Give back exactly the lines of the material below, starting with the line with "女童公主风凉拖鞋款儿童闪钻蝴蝶高跟鞋小女孩外穿一字拖水晶凉拖" and going on through the line with "Modelo: Bermuda clássica".

+++

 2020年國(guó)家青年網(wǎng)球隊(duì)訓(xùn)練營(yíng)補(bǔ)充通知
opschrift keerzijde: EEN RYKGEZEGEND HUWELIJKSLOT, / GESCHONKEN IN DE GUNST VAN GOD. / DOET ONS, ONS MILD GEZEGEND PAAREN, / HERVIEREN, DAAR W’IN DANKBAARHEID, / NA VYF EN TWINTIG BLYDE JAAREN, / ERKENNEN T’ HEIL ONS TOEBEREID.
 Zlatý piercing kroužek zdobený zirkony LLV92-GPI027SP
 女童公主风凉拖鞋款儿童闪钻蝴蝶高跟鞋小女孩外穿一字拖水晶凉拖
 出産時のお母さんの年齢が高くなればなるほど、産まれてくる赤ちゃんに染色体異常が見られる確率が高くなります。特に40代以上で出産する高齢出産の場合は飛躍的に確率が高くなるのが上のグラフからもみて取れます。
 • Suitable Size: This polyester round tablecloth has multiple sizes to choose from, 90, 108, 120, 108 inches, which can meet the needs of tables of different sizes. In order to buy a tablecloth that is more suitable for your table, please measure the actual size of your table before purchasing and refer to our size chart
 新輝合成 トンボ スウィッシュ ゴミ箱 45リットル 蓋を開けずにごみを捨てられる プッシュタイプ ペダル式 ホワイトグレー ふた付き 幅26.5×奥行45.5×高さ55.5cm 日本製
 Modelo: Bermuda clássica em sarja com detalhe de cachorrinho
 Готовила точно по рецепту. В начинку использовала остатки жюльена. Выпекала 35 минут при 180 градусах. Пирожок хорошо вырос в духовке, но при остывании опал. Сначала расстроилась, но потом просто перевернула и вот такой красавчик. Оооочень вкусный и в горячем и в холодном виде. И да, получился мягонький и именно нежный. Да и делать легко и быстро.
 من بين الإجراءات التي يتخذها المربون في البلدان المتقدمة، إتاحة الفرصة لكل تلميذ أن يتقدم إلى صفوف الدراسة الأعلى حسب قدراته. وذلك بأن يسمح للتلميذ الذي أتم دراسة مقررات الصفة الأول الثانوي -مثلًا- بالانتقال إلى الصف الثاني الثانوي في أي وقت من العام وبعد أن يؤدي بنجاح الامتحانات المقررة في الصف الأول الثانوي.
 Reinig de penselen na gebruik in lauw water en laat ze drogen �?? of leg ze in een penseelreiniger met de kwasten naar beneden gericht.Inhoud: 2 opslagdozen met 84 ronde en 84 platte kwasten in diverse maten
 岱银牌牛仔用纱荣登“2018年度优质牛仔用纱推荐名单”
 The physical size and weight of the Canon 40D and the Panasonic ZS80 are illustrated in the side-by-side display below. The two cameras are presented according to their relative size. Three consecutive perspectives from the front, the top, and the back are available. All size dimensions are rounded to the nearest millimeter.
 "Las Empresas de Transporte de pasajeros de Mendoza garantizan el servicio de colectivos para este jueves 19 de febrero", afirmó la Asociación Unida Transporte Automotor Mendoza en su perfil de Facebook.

+++

**Exercise result:**
 女童公主风凉拖鞋款儿童闪钻蝴蝶高跟鞋小女孩外穿一字拖水晶凉拖
 出産時のお母さんの年齢が高くなればなるほど、産まれてくる赤ちゃんに染色体異常が見られる確率が高くなります。特に40代以上で出産する高齢出産の場合は飛躍的に確率が高くなるのが上のグラフからもみて取れます。
 • Suitable Size: This polyester round tablecloth has multiple sizes to choose from, 90, 108, 120, 108 inches, which can meet the needs of tables of different sizes. In order to buy a tablecloth that is more suitable for your table, please measure the actual size of your table before purchasing and refer to our size chart
 新輝合成 トンボ スウィッシュ ゴミ箱 45リットル 蓋を開けずにごみを捨てられる プッシュタイプ ペダル式 ホワイトグレー ふた付き 幅26.5×奥行45.5×高さ55.5cm 日本製
 Modelo: Bermuda clássica em sarja com detalhe de cachorrinho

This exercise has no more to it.